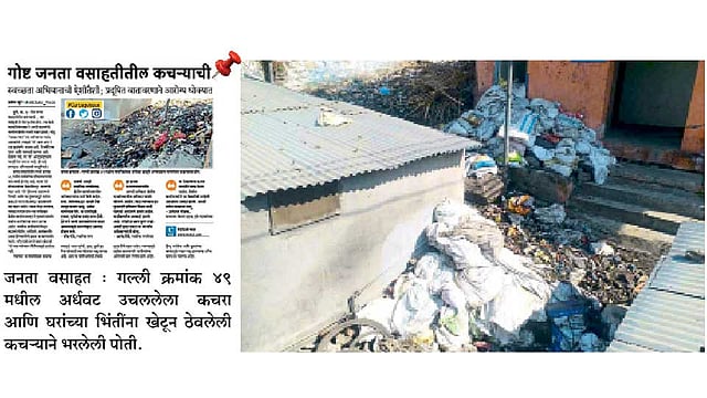 पुणे - स्वच्छ भारत अभियानांतर्गत शहरात भिंती रंगविण्याचे काम सुरू आहे. मात्र, जनता वसाहतीतील गल्ली क्रमांक ४९ मध्ये कचऱ्याचे ढीग साचले आहेत. गेल्या १५ दिवसांपासून त्याकडे कोणी फिरकलेही नाही. याची दखल ‘सकाळ’ने घेत २ डिसेंबरच्या अंकात संबंधित समस्येबाबत प्रकाशझोत टाकला. त्यानंतर महापालिका प्रशासन खडबडून जागे झाले अन कचरा उचलण्याचे काम हाती घेतले; परंतु, महिन्याचा कालावधी संपत आला तरी ते काम पूर्ण होऊ शकले नाही.
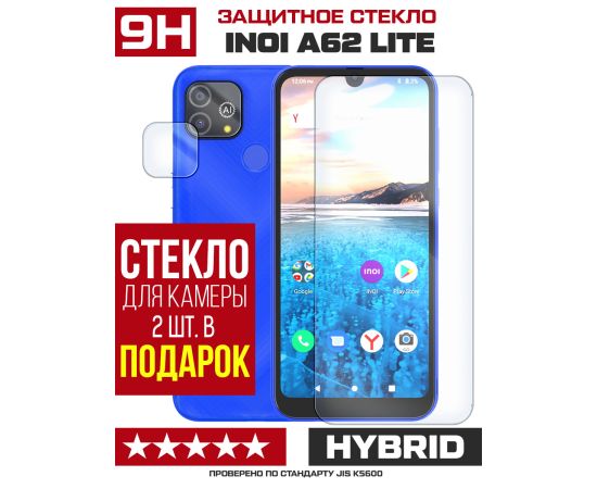 Стекло защитное гибридное для INOI A62 Lite + защита камеры(2 шт.)
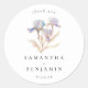 Ces autocollants élégants sont parfaits pour les mariages de printemps et d'été. Ce design présente des iris aquarelles dans des nuances de lilas et de bleu pervenche. Des touches subtiles d'or ajoutent un élément scintillant et magique.
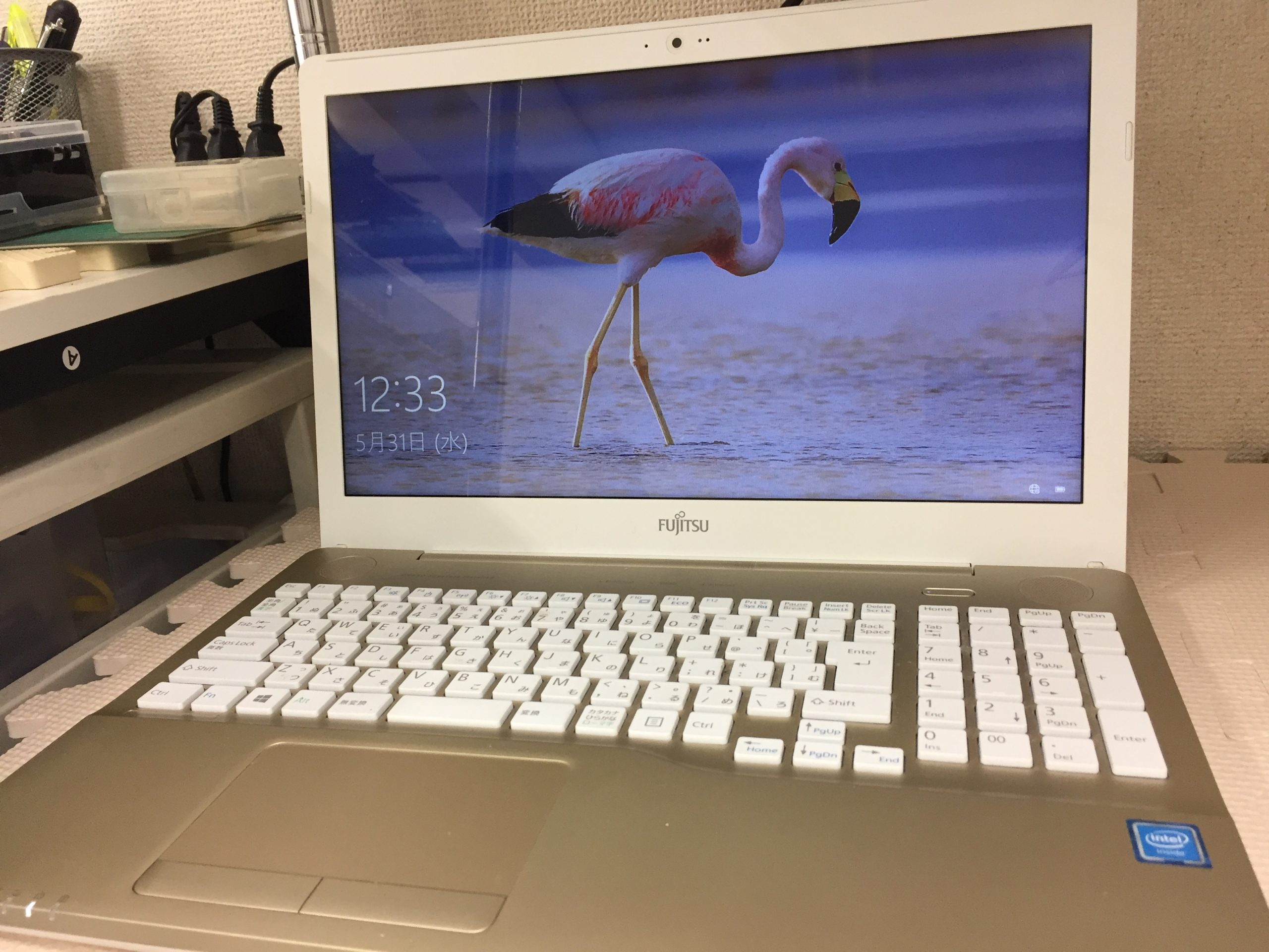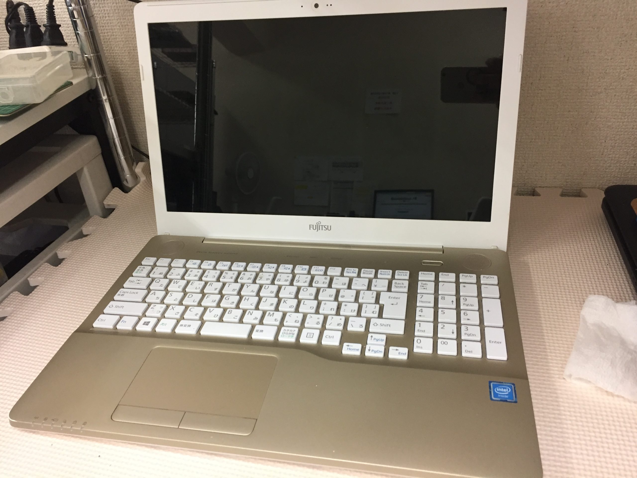 今回お預かりしたパソコンは富士通の白い15.6型のノートパソコンになります。
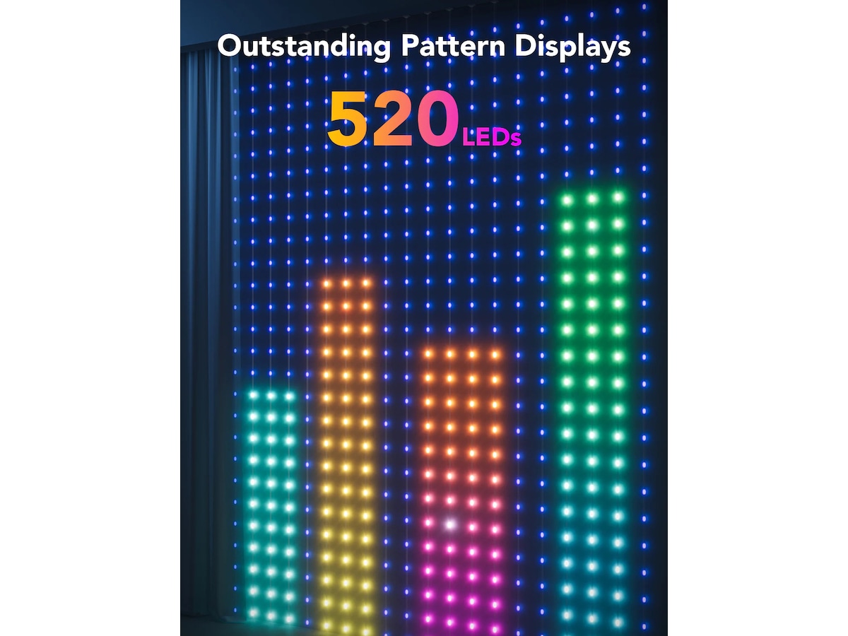 Oplev et fantastisk lysshow med Govee RGBIC Curtain Lights. Med 520 LED'er kan du skabe dynamiske lyseffekter og skræddersy dit eget gør-det-selv lysshow. Tilføj et særligt touch til enhver aften med disse blændende lys.
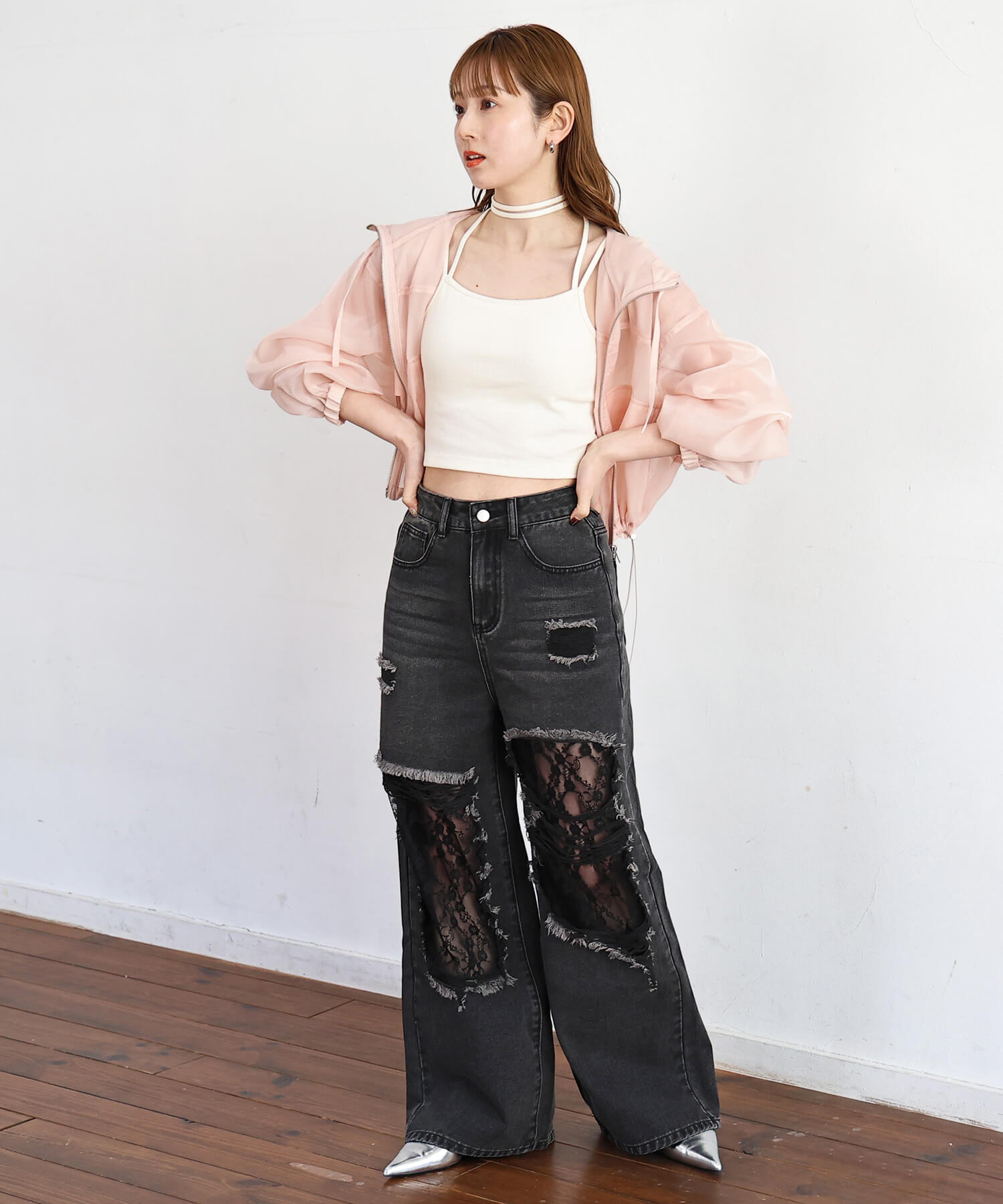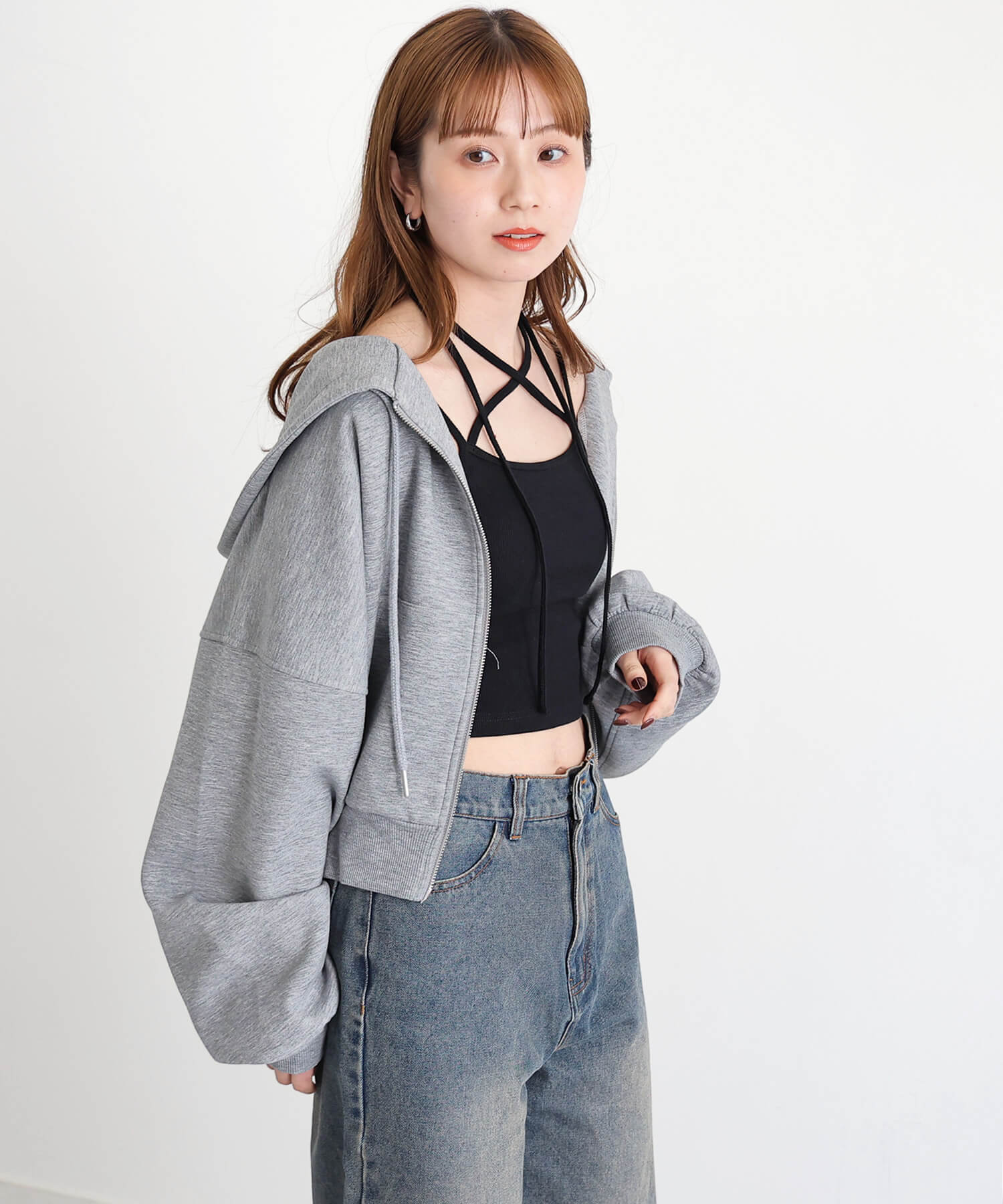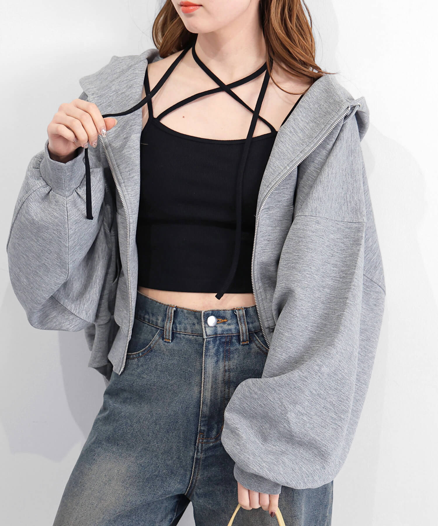 ※当アイテムはSサイズ表記ですが、テレコカップ付きチョーカーキャミ(品番:07700T2071)のショート丈です。フリーサイズとして着用頂けるサイズ感です。
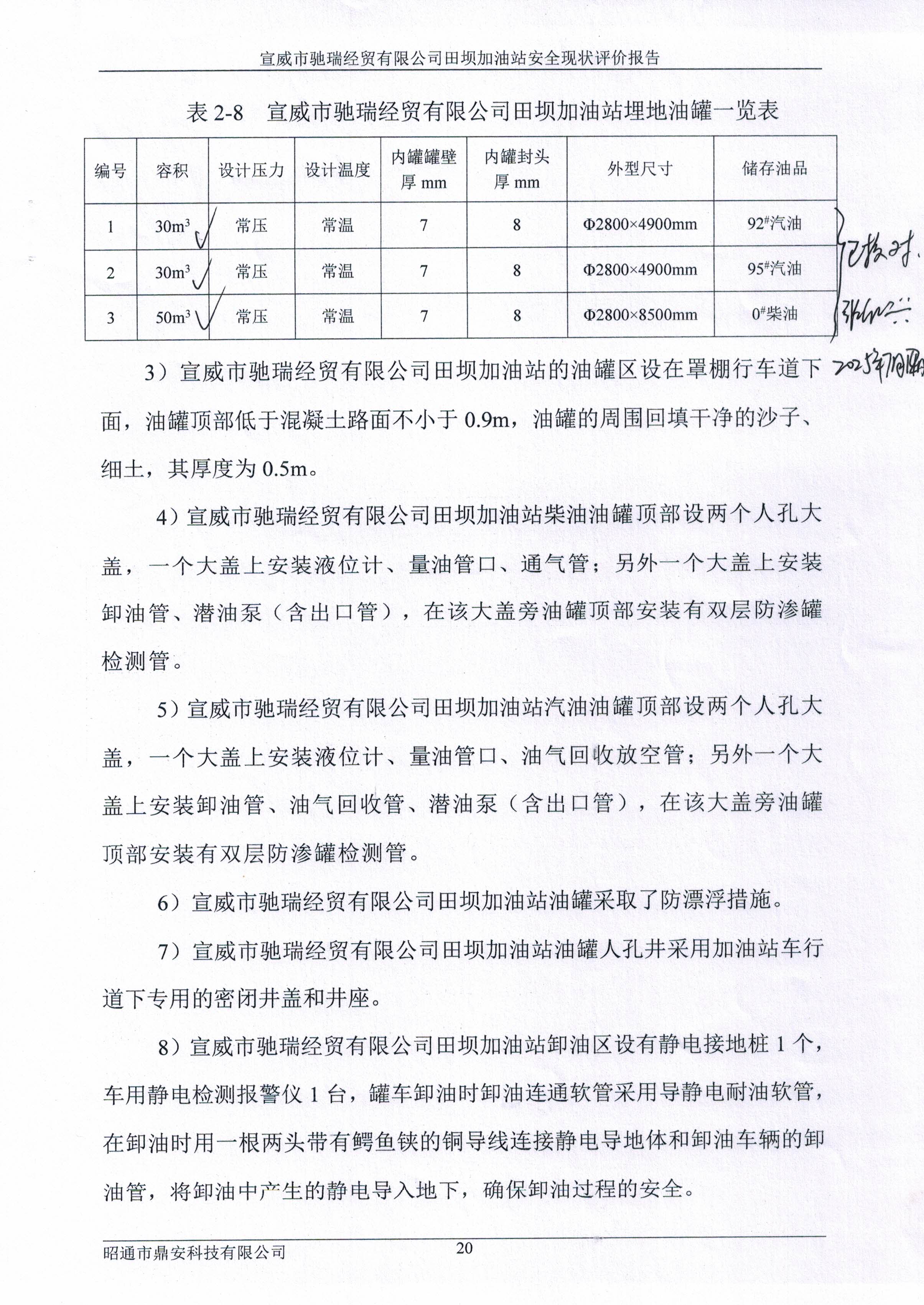 項目名稱 | 宣威市馳瑞經貿有限公司田壩加油站安全現狀評價報告 | 合同編號 | DAAPQJ2025-11 | |||||
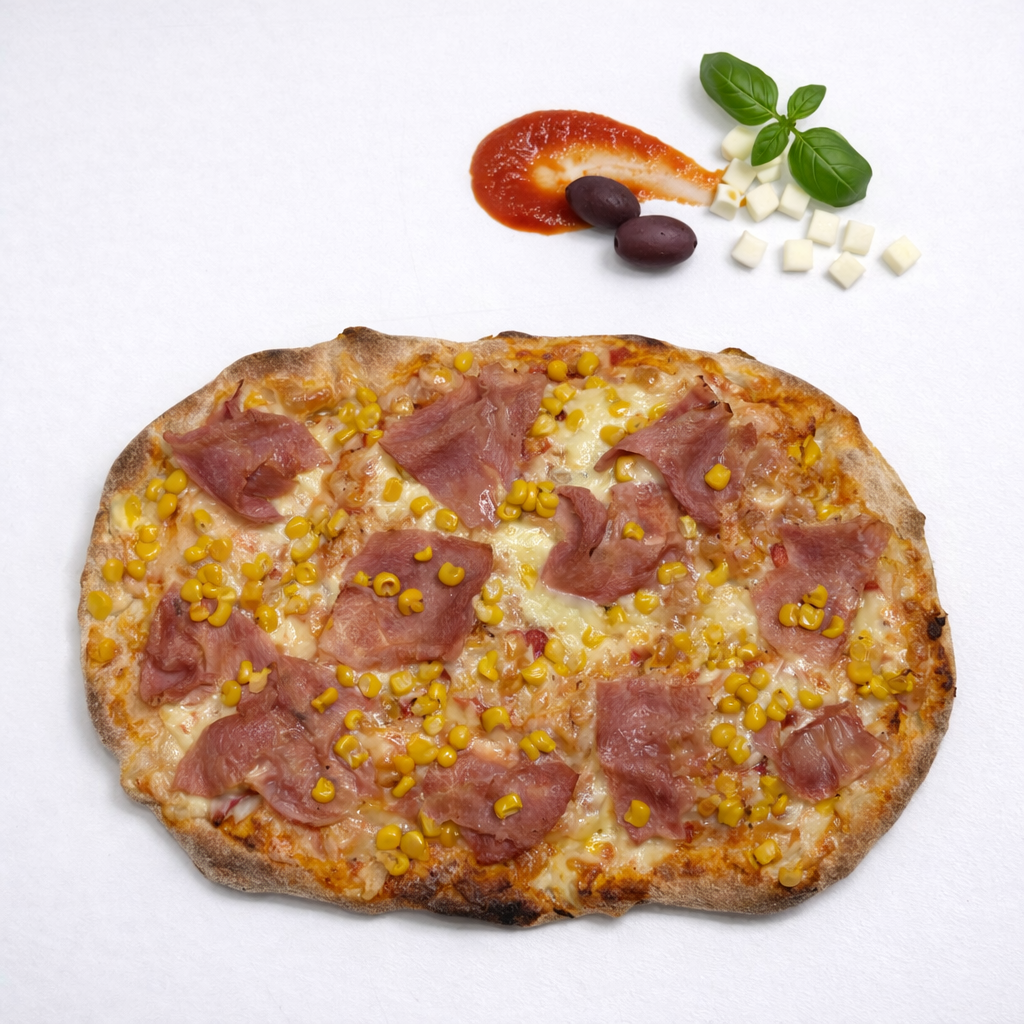 Sos rosii, mozzarella, prosciutto cotto, porumb
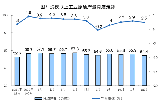 原油加工增速有所加快。12月份,加工原油5988萬噸,同比增長2.5%,增速比上月加快2.2個百分點,日均加工193.2萬噸。2022年,加工原油67590萬噸,同比下降3.4%。

:::

* [Exercise aim]:
Each record above goes into the copy word for word; the pictures do not.

* [Completed exercise]:
 पुणे - स्वच्छ भारत अभियानांतर्गत शहरात भिंती रंगविण्याचे काम सुरू आहे. मात्र, जनता वसाहतीतील गल्ली क्रमांक ४९ मध्ये कचऱ्याचे ढीग साचले आहेत. गेल्या १५ दिवसांपासून त्याकडे कोणी फिरकलेही नाही. याची दखल ‘सकाळ’ने घेत २ डिसेंबरच्या अंकात संबंधित समस्येबाबत प्रकाशझोत टाकला. त्यानंतर महापालिका प्रशासन खडबडून जागे झाले अन कचरा उचलण्याचे काम हाती घेतले; परंतु, महिन्याचा कालावधी संपत आला तरी ते काम पूर्ण होऊ शकले नाही.
 Стекло защитное гибридное для INOI A62 Lite + защита камеры(2 шт.)
 Ces autocollants élégants sont parfaits pour les mariages de printemps et d'été. Ce design présente des iris aquarelles dans des nuances de lilas et de bleu pervenche. Des touches subtiles d'or ajoutent un élément scintillant et magique.
 今回お預かりしたパソコンは富士通の白い15.6型のノートパソコンになります。
 Oplev et fantastisk lysshow med Govee RGBIC Curtain Lights. Med 520 LED'er kan du skabe dynamiske lyseffekter og skræddersy dit eget gør-det-selv lysshow. Tilføj et særligt touch til enhver aften med disse blændende lys.
 ※当アイテムはSサイズ表記ですが、テレコカップ付きチョーカーキャミ(品番:07700T2071)のショート丈です。フリーサイズとして着用頂けるサイズ感です。
 項目名稱 | 宣威市馳瑞經貿有限公司田壩加油站安全現狀評價報告 | 合同編號 | DAAPQJ2025-11 | |||||
 Sos rosii, mozzarella, prosciutto cotto, porumb
 原油加工增速有所加快。12月份,加工原油5988萬噸,同比增長2.5%,增速比上月加快2.2個百分點,日均加工193.2萬噸。2022年,加工原油67590萬噸,同比下降3.4%。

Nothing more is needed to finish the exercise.